The Texas Constitution Forbids Monopolies and Protects Economic Liberty
The Texas Constitution is unusually direct on this point. Article I, Section 26 declares that “monopolies are contrary to the genius of a free government, and shall never be allowed.” When a city grants or enforces an exclusive right to sell a private service to a single company, it runs headlong into that prohibition. Waxahachie’s arrangement does exactly that for construction dumpster rentals.
The lawsuit also invokes two further guarantees that protect economic liberty. Article I, Section 3—the Equal Rights Clause—forbids the government from handing out exclusive privileges to a favored few, yet that is precisely what the city has done by reserving the entire market for one company. And Article I, Section 19—the Law of the Land Clause—protects the right to pursue an honest living free from unreasonable government interference. A monopoly that bears no rational connection to any legitimate public purpose, that is so burdensome as to be oppressive, or whose real-world effect is nothing more than imposing costs on private competitors in the name of bald economic protectionism cannot survive under that provision.
Josh is not asking for special treatment. He is asking for the chance to compete in his own town on the same terms as his competitors. By vindicating his rights, this case aims to confirm a basic principle: collecting construction debris in a rented container on private property is a private service the government cannot monopolize.
Dumpster Monopolies are a Problem Across Texas
Waxahachie’s dumpster monopoly is not an isolated quirk of one city.

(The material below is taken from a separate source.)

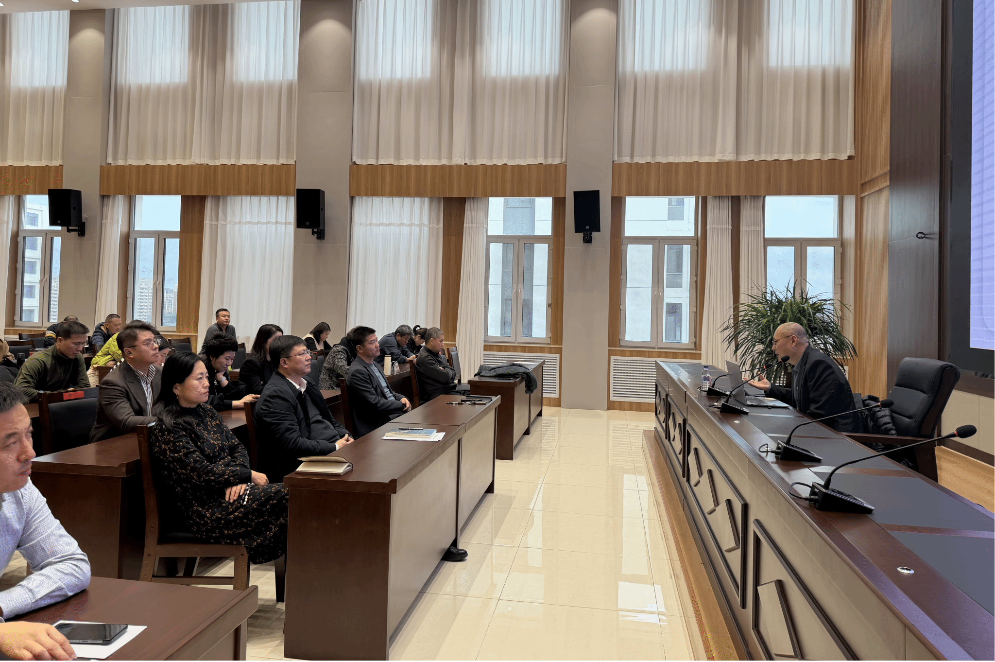 11月24日下午,以“筑牢思想根基 锻造先锋队伍”为主题的党员干部培训班开展专题培训,重点开设《学习贯彻习近平总书记关于党的建设的重要思想 以勇于自我革命精神落实全面从严治党政治责任》与《提升领导干部科学决策能力》两大专题课程。学院副科级及以上干部、全体思政课教师共同参与培训,本次活动分别由学院党委副书记陈延民与马克思主义学院副院长韩玉琦主持。

It is part of a pattern spreading across Texas. Cities throughout the state have signed exclusive franchise agreements with big national waste haulers, and increasingly those deals reach beyond routine residential trash routes to fence competitors out of even temporary construction dumpsters. Josh has felt the consequences firsthand: he and other entrepreneurs like him have been cited, had their customers cited, and even had their dumpsters impounded. Each of these arrangements does the same thing Waxahachie’s does—it uses government power to lock independent operators out of a private market and reserve it for a politically connected few. A ruling that Waxahachie’s monopoly violates the Texas Constitution would reach far beyond one city, vindicating the right of entrepreneurs across the state to compete on equal terms.
The Litigation Team
Joshua Roman and American AF Dumpster Rentals are represented by IJ Attorney Daniel Woislaw and IJ Managing Attorney Arif Panju.
The Institute for Justice
This is not the first time IJ has gone to court to stop the government from rigging a market for the politically connected or for placing unreasonable barriers in the way of everyday Americans. In Patel v. Texas Department of Licensing and Regulation, IJ convinced the Texas Supreme Court that the right to earn an honest living is a real and enforceable right under the Texas Constitution, striking down an overly burdensome licensing scheme aimed at eyebrow threaders. And in St. Joseph Abbey v. Castille, IJ won a ruling from the Fifth Circuit—the federal court covering Texas—that naked economic protectionism is not a legitimate use of government power, freeing a group of Louisiana monks to sell their simple wooden caskets in a market the state had previously reserved only for licensed funeral directors.
IJ has repeatedly dismantled “competitor’s veto” laws that let established businesses block newcomers, including the certificate-of-necessity regime it helped strike down on behalf of limousine drivers in Las Vegas, Nevada. Like the threaders, monks, and limo drivers, Josh Roman asks for nothing more than the right to compete. And like it was for those others, the constitution is on his side.
This case continues that work in Texas on behalf of a small-business owner the government has tried to lock out of his own market.